There are few problems regarding position and force, since these quantities can be easily represented in n-dimensional space by n-dimensional vectors. It is incorrect to think of rotations "around an axis"; in our two-dimensional example such rotations would take one out of the plane of the paper, and in four dimensions not all possible rotations would be generated by considering only combinations of the four rotations about the coordinate axes. The coincidence that three variables are needed to specify a rotation in three dimensions allows some simplifications - for example, a torque can be calculated by taking cross products.

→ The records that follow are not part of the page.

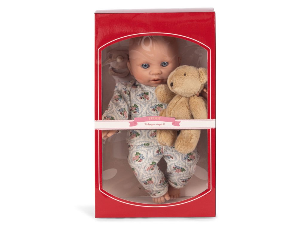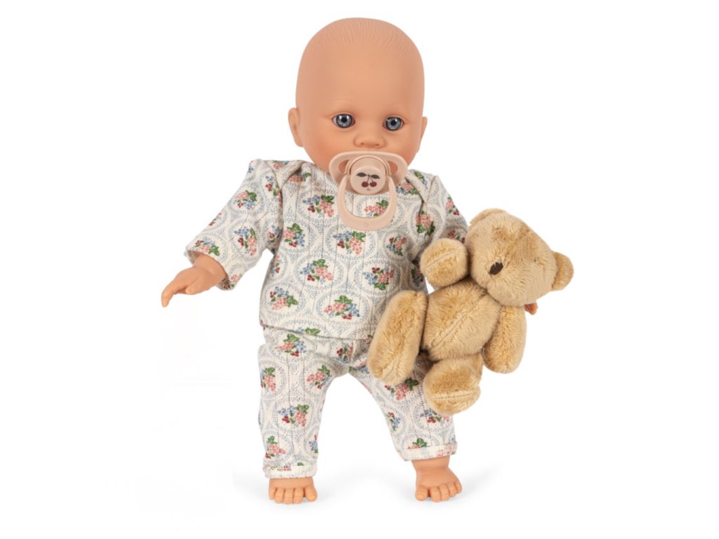 Panenka pro děti vyrobená z vinylu a organické bavlny, s výplní z recyklovaného polyesteru. Panenka má na sobě dvoudílné pyžámko, které je vyrobené ze 100% organické bavlny a děti jej zvládnou panence snadno oblékat a svlékat. Panenka má velmi reálně vypadající oči a dudlík. Nechybí jí roztomilý plyšový kamarád v podově medvídka.
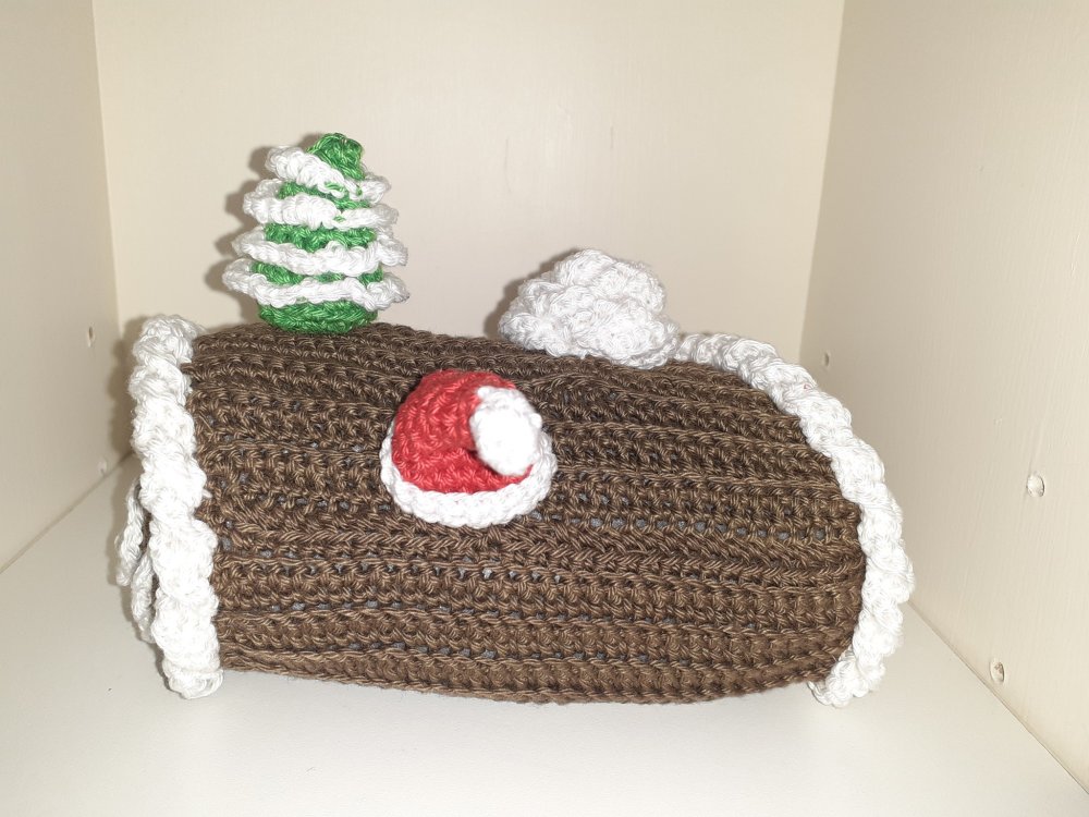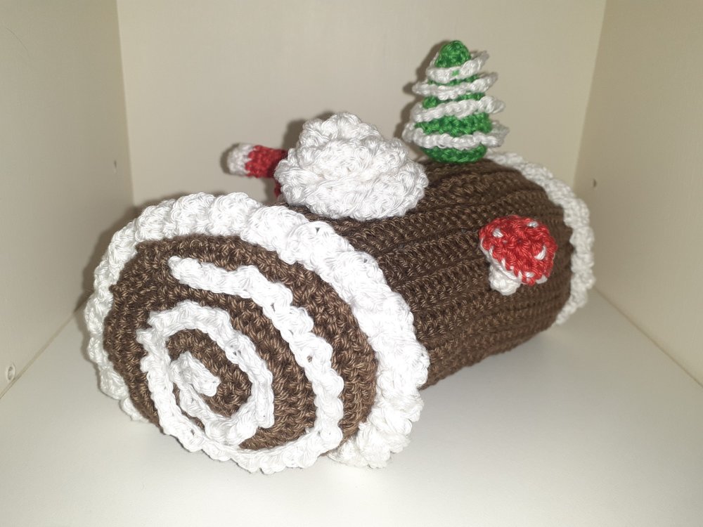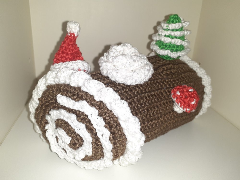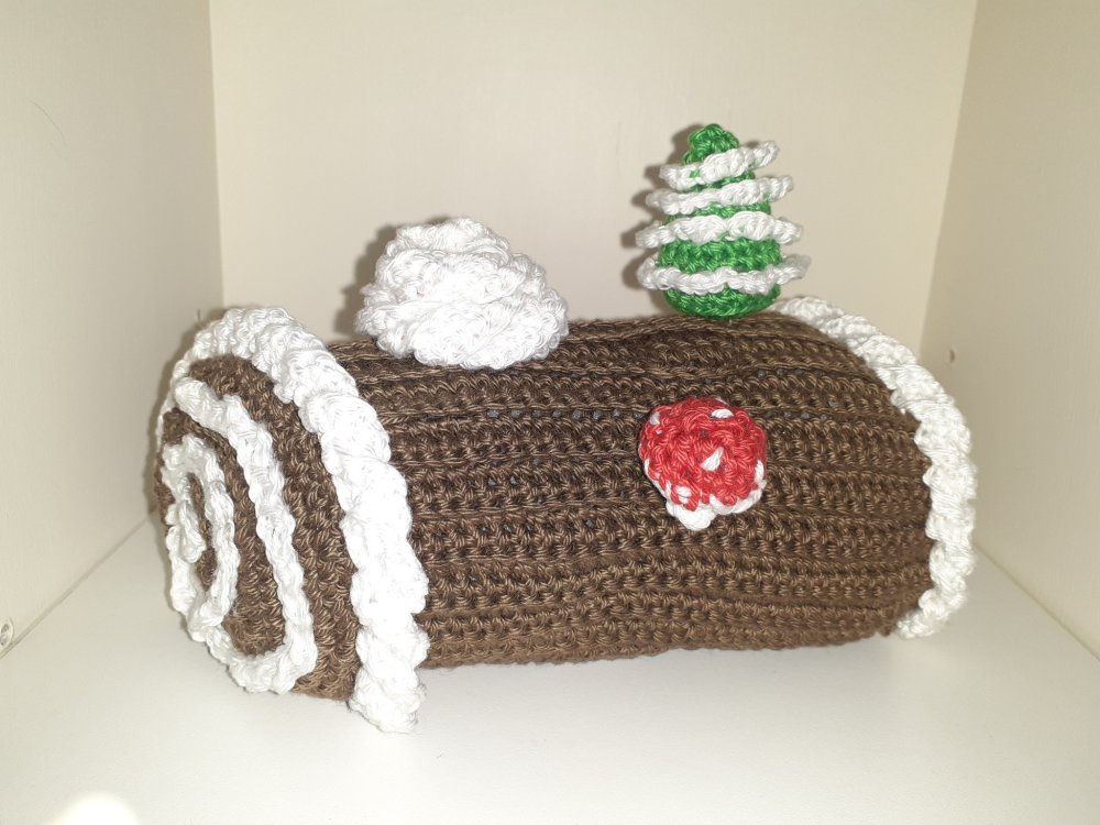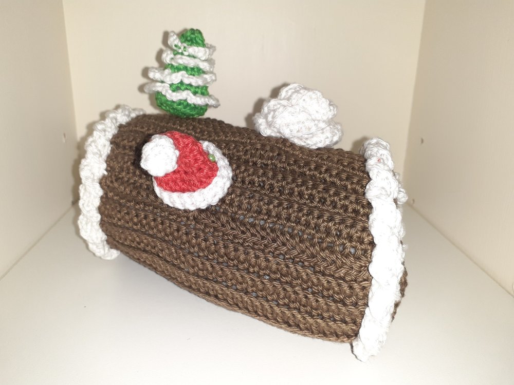 Pour info : crocheté en 3, la bûche mesure environ 17 x 13 x 10 cm.
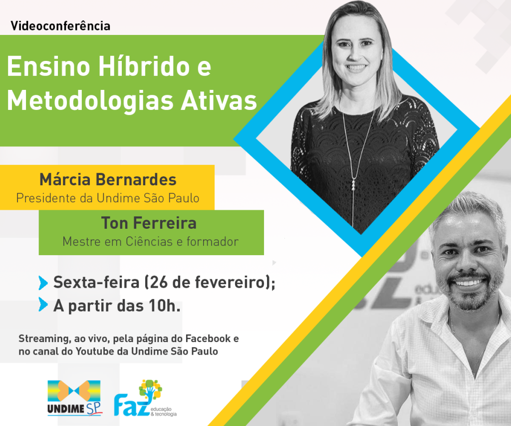 Para tratar do assunto, AMANHÃ, 26, a partir das 10h (horário de Brasília), Undime São Paulo e Faz Educação & Tecnologia farão uma videoconferência com o tema “Ensino Híbrido e Metodologias Ativas”.
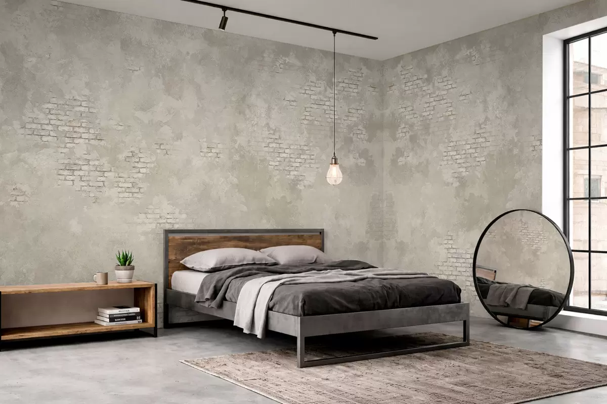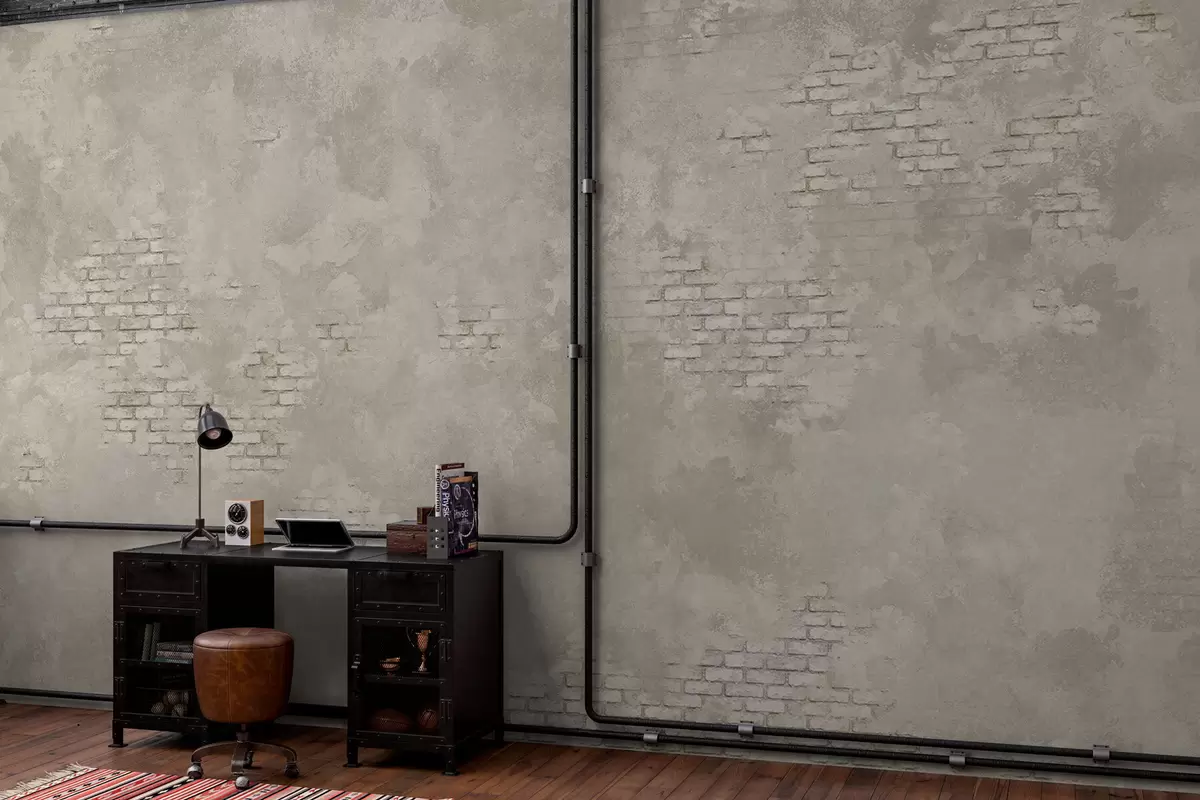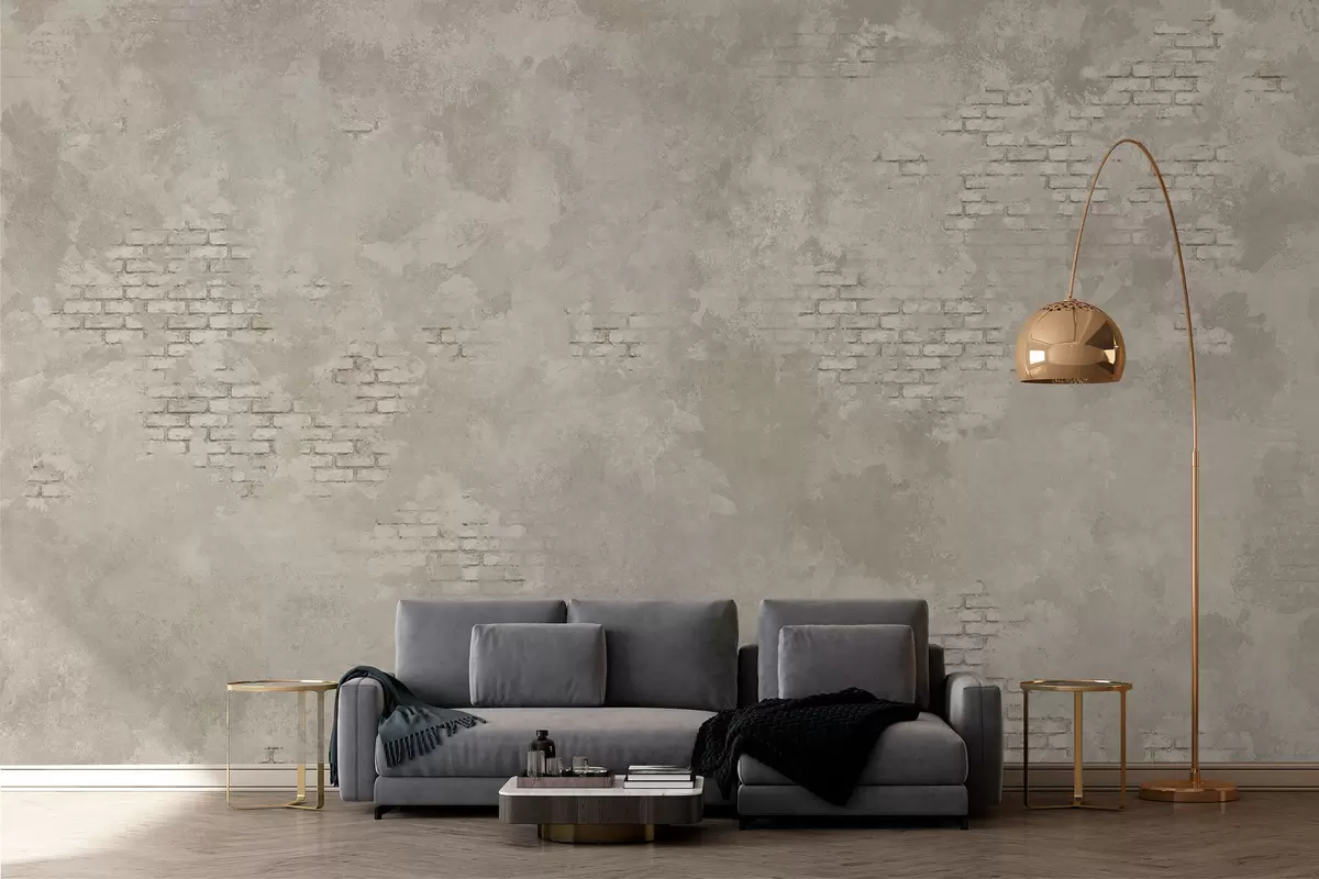 Papel de pared Yeso ligero de estilo grunge con zonas de ladrillo visto Nr. w05161v1
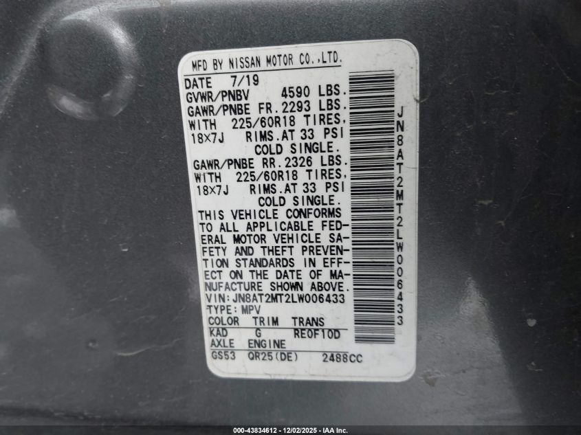 2020 NISSAN ROGUE 2020 року Бензин, 2.5, Передний привод, vin - JN8AT2MT2LW006433 из США
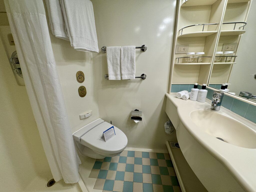 The bathroom was a standard size for a cruise ship bathroom. However, older Princess ships feature showers with curtains. Having just sailed on sister brand Carnival Cruise Line, the shower stall on Sapphire Princess felt even smaller, possibly one of the smallest we’ve ever had.
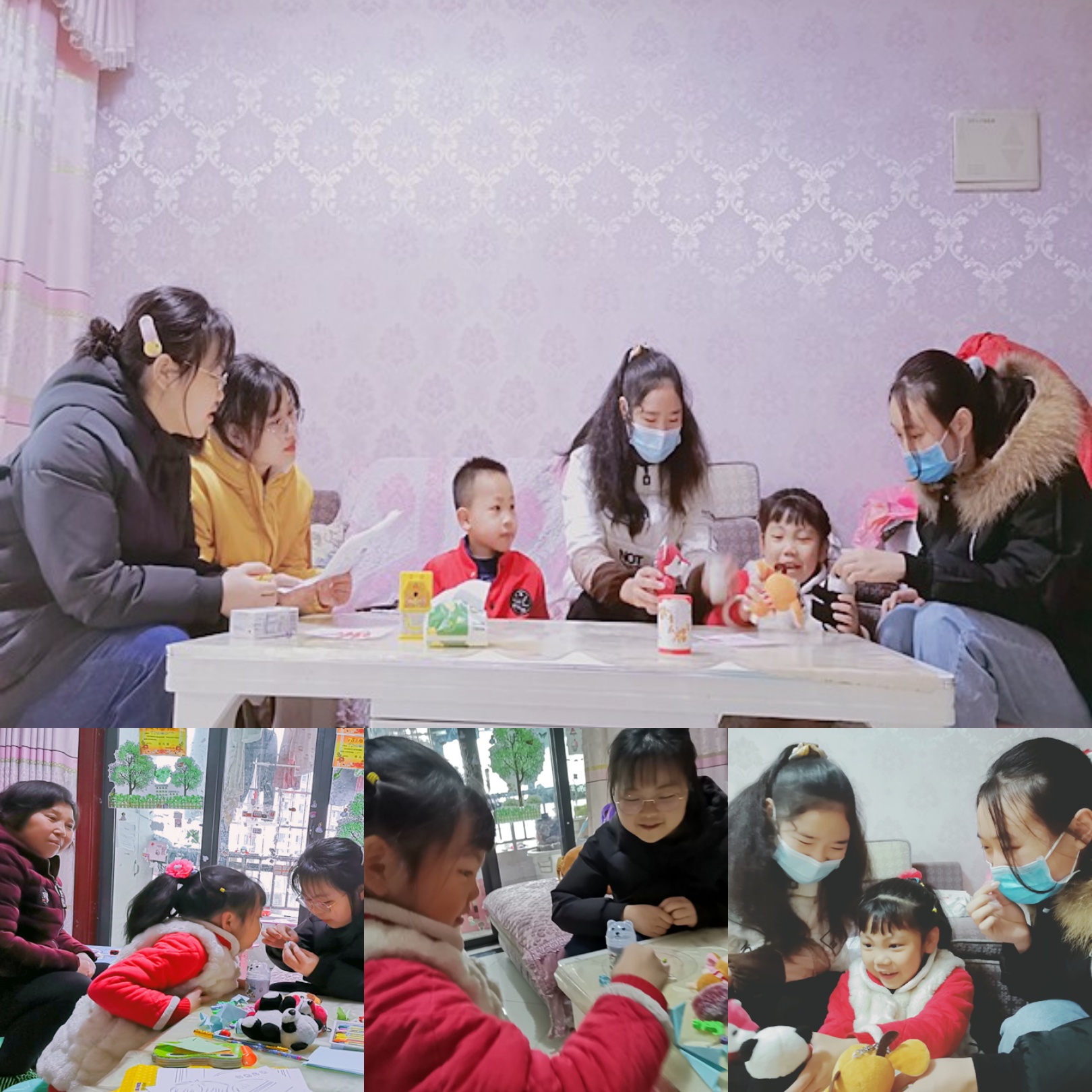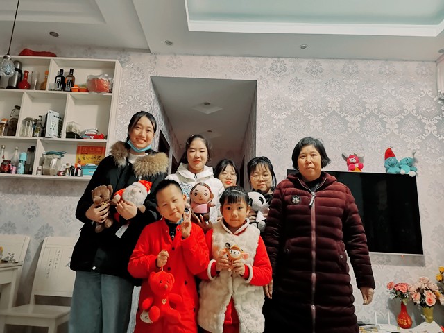 后面小歆艺又从房间中拿出折纸和娃娃。小歆艺的娃娃很多,龙婆婆在旁边说“这些娃娃,很多都是你们志愿者带来的!”娃娃虽小,但却可以给一个小朋友带来快乐,让她在无聊的时候,可以跟娃娃一起玩耍。小歆艺和志愿者们一起把娃娃在桌子上摆放整齐,然后玩起了游戏。时间过得很快,到了要说再见的时候,小歆艺、龙婆婆和志愿者们拿着娃娃在一起拍了合照,小歆艺很舍不得志愿者们,和婆婆一起送志愿者们到楼下,挥手告别,并约好下次见。

Corresponding to each node, then there will be a coordinate transformation from one system to another. In fact, the 3 x 3 rotation submatrix gives us the rotation of the end link with respect to the base and thus its orientation, while the 3 x 1 displacement submatrix is the position of the top of the end link with respect to the base. Given the shared variable, it is then a relatively straightforward matter to arrive at the position and orientation of the device or terminal tip.
One way to approach this problem would be to consider the 3 x 3 rotation submatrix consisting entirely of polynomials in the sines and cosines of the common angles and the 3 x I offset submatrix which also contains the length of connection and try to solve for the sines and cosines of the six angles of the connection. When solving polynomial equations by eliminating variables, the degree of the resulting polynomials increases with the product of the combined polynomials. Several such configurations are known, but one of the easiest to explain involves decoupling orientation from position.
Let's say the last three rotator cuffs intersect at one point, called the wrist. Then these last three can take care of the orientation, while the remaining three position the wrist, according to the orientation. Often the first three links are simply a combination of the two-link geometry we've already solved and the polar offset problem.
Now that we know the first three joint angles, we can calculate the orientation of the third that the wrist attaches to. The idea is to use the inherent compliance of the device as a kind of spring and drive the joints to angles slightly away from the equilibrium position. The dynamic behavior of a rigid body with respect to rotation can be conveniently expressed as a symmetric, square inertia matrJx.